“P(misalignment x-risk|AGI)”: Conditional on AGI being developed by 2070, humanity will go extinct or drastically curtail its future potential due to loss of control of AGI.
I’m guessing this definition is meant to separate misalignment from misuse, but I’m curious whether you are including either/both of these 2 cases as misalignment x-risk:
AGI is deployed and we get locked into a great outcome by today’s standards, but we get a world with <=1% of the value of “humanity’s potential”. So we sort of have an existential catastrophe, without a discrete catastrophic event.
The AGI is aligned with someone’s values, and we still get a future with 0-negative value but this is due to a “mistake” e.g. the person’s values didn’t give any weight to animal suffering and this got locked in.

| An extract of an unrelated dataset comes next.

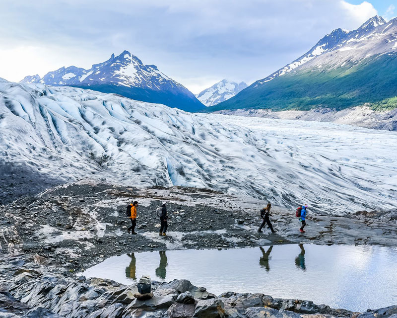 El Glaciar Grey es el de mayor magnitud de todos a los cuales existe un acceso programado en forma regular. En la actualidad esta maravilla natural de imponentes dimensiones y que constituye el extremo del Gran Campo de Hielo Sur del continente, puede ser visitado y admirado en toda su magnitud. En el sector de refugio Grey los guías realizarán una charla de introducción, en la que explicarán el recorrido, los tiempos que tomará la excursión y además harán la prueba y ajustes de equipamiento para cada pasajero. Luego, navegaremos en un bote zodiac por 15 minutos hasta el brazo oeste del glaciar grey. Al llegar, desembarcamos en la isla del glaciar (nunatak) y comenzamos a caminar sobre esta por una hora aproximadamente hasta llegar al hielo. Antes de ingresar al glaciar, el guía realizará la charla de seguridad, en la que explicarán las técnicas de desplazamiento en el hielo y el uso correcto del equipo. Una vez terminada la charla, comenzará nuestra exploración sobre el glaciar grey por 3 horas, tiempo durante el cual podremos observar grietas, ríos, lagunas y túneles con sus diferentes tonalidades de color celeste. Después de 3 horas sobre el glaciar, emprendemos el retorno.

(See also this post which brings up a similar question)
I’m guessing this definition is meant to separate misalignment from misuse, but I’m curious whether you are including either/both of these 2 cases as misalignment x-risk:
AGI is deployed and we get locked into a great outcome by today’s standards, but we get a world with <=1% of the value of “humanity’s potential”. So we sort of have an existential catastrophe, without a discrete catastrophic event.
The AGI is aligned with someone’s values, and we still get a future with 0-negative value but this is due to a “mistake” e.g. the person’s values didn’t give any weight to animal suffering and this got locked in.
(See also this post which brings up a similar question)
1 - counts for purposes of this question
2 - doesn’t count for purposes of this question (but would be a really big deal!)